SUPPLIED DATA section start

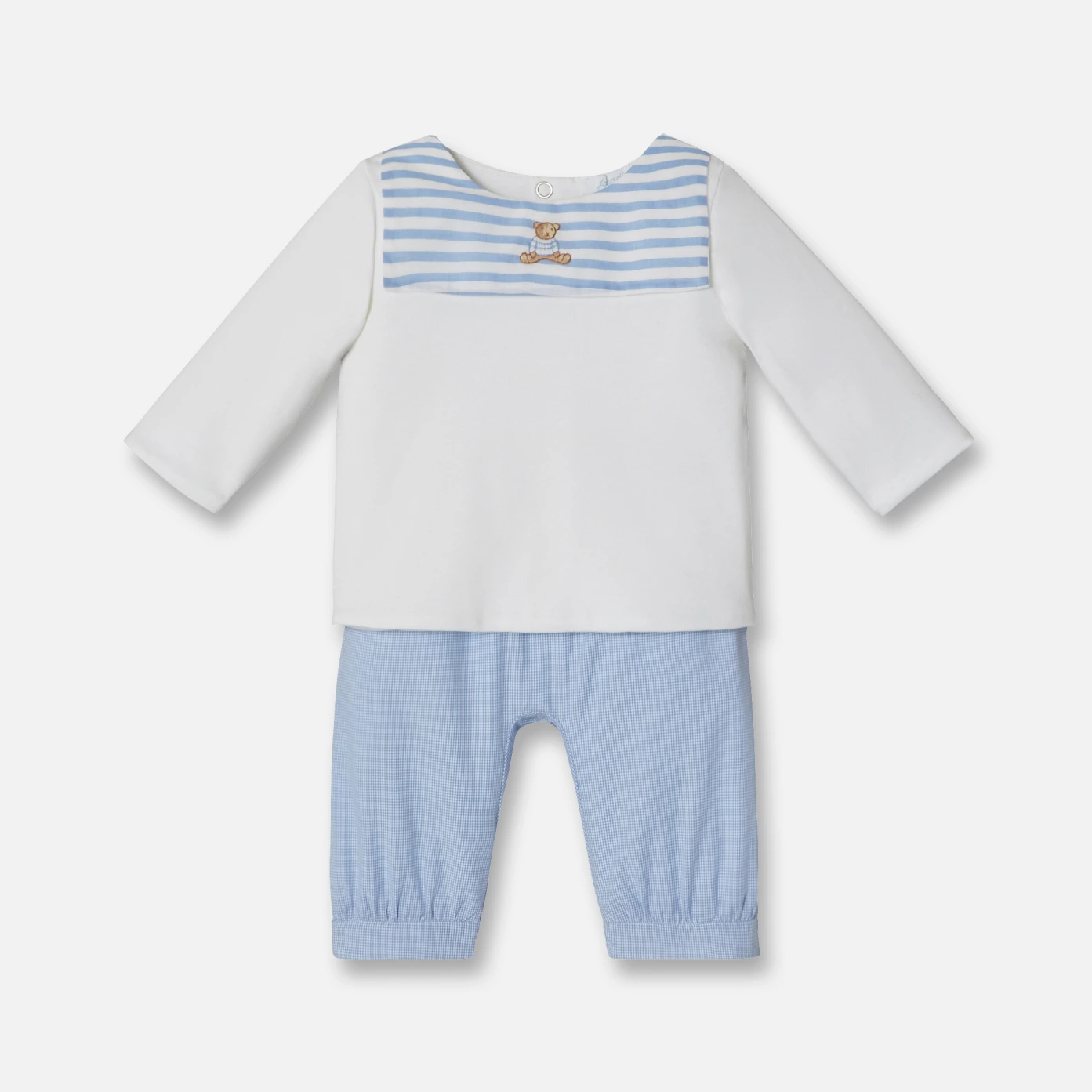 Cadeau de naissance raffiné, l'ensemble du tout-petit. Le haut est brodé à la main d'un ourson sur le col marin. Dos pressionné. Le pantalon en vichy est élastiqué à la taille. Etiquette Jacadi au dos.
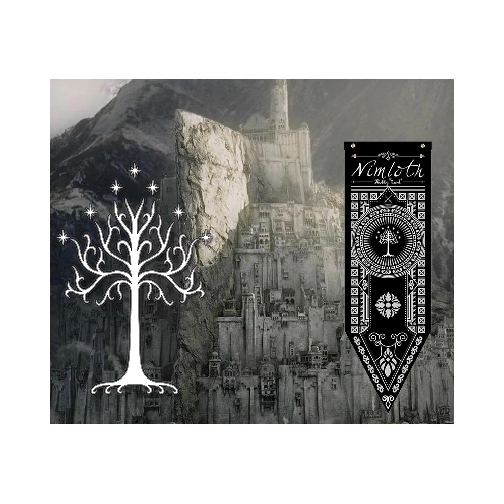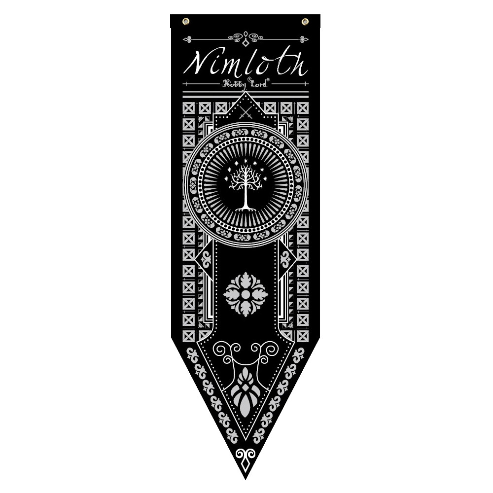 Černobílý design se Stromem Gondoru, ozdobnými ornamenty a nápisem Nimloth působí vznešeně a mysticky. Vlajka dodá vašemu pokoji nebo sbírce fantasy atmosféru královského rodu z Minas Tirith.
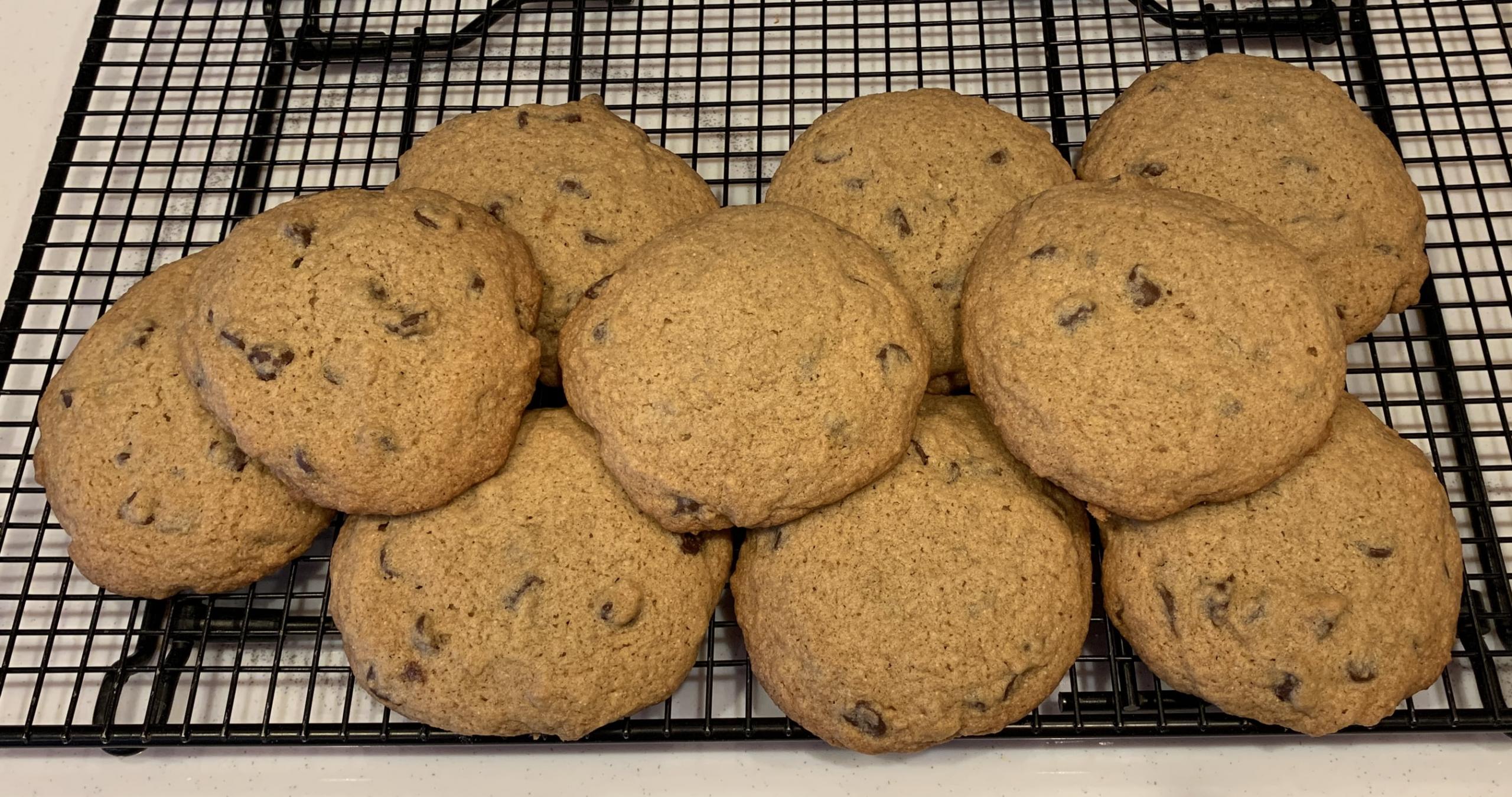 Refreshed my starter this weekend and didn’t want to waste the discard. Followed the recipe in Sourdough Cookbook for Beginners from Breadtopia. I like this recipe. The sourdough and the whole grain seem to take the edge off the sweetness of a chocolate chip cookie and they are not greasy at all.

SUPPLIED DATA section end

#### REQUIREMENT
Take the line containing "Černobílý design se" and all lines after it to the end of the data above, and reproduce them exactly, leaving out pictures. Nothing else belongs in the copy.

#### WRITTEN RESPONSE
 Černobílý design se Stromem Gondoru, ozdobnými ornamenty a nápisem Nimloth působí vznešeně a mysticky. Vlajka dodá vašemu pokoji nebo sbírce fantasy atmosféru královského rodu z Minas Tirith.
 Refreshed my starter this weekend and didn’t want to waste the discard. Followed the recipe in Sourdough Cookbook for Beginners from Breadtopia. I like this recipe. The sourdough and the whole grain seem to take the edge off the sweetness of a chocolate chip cookie and they are not greasy at all.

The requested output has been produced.